The wonder of MOOCs is that there are so many amazing courses available for free or at very reasonable cost. Other MOOCs that I’ve heard great things about are:
- Nand to Tetris
- Tim Roughgarden’s Algorithms Specialization
- Programming Languages Part A, Part B and Part C
These are a little more advanced, though, so treat them as the suggestions that they are, and not as a checklist of courses you have to do. The important thing here is simply to demonstrate that you’ve sought out some CS learning on your own.
How long should I spend on my application?

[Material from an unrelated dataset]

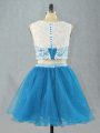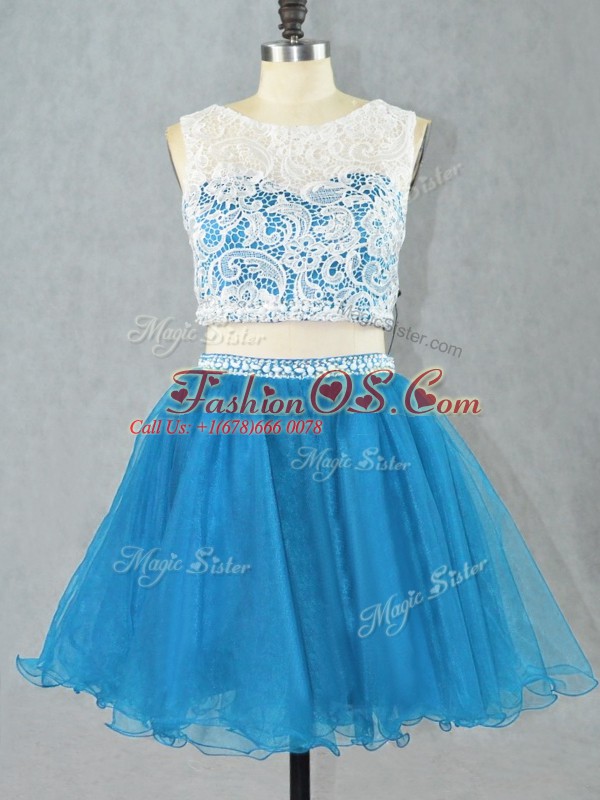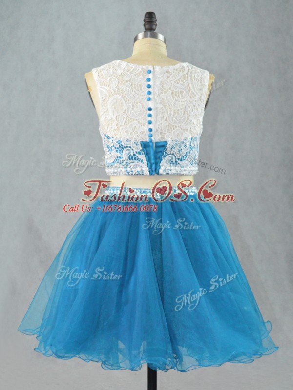 Flare Mini Length Blue Juniors Party Dress Scoop Sleeveless Zipper

According to my Notion page history, I created my MCIT “Essay” page on April 6, 2020. The admission deadline for the Spring 2021 semester was July 31, 2020, so the whole process took me about four months.

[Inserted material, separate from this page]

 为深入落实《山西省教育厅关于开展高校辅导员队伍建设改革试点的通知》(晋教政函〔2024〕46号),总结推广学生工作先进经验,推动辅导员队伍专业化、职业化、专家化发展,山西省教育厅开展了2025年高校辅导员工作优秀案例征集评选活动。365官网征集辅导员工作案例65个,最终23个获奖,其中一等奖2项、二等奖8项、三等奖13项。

The parts of the application that have the longest lead times are:
- GRE preparation (4-12 weeks, depending on your preparation and test-taking ability)
- Letters of recommendation (1-2 months advance notice for your recommenders)
If you’re only getting started on the application with just two months before the deadline, I would consider that to be too tight. It’s doable, but it increases the likelihood that you’ll submit something less than representative of your strength as a candidate.
Another wrinkle in your planning is whether you foresee taking the GRE more than once. I discuss this further under How should I prepare for the GRE?
Do I need to take the GRE?
Yes.
If you need to ask, the answer is yes.
The official answer is this:
No, the GRE is optional. But there are a few scenarios in which we strongly recommend taking the GRE:
- You have not taken any quantitative courses (such as math or physics).
- You feel the grades that you received in your bachelor’s program do not represent your current abilities and are lower than you would like them to be.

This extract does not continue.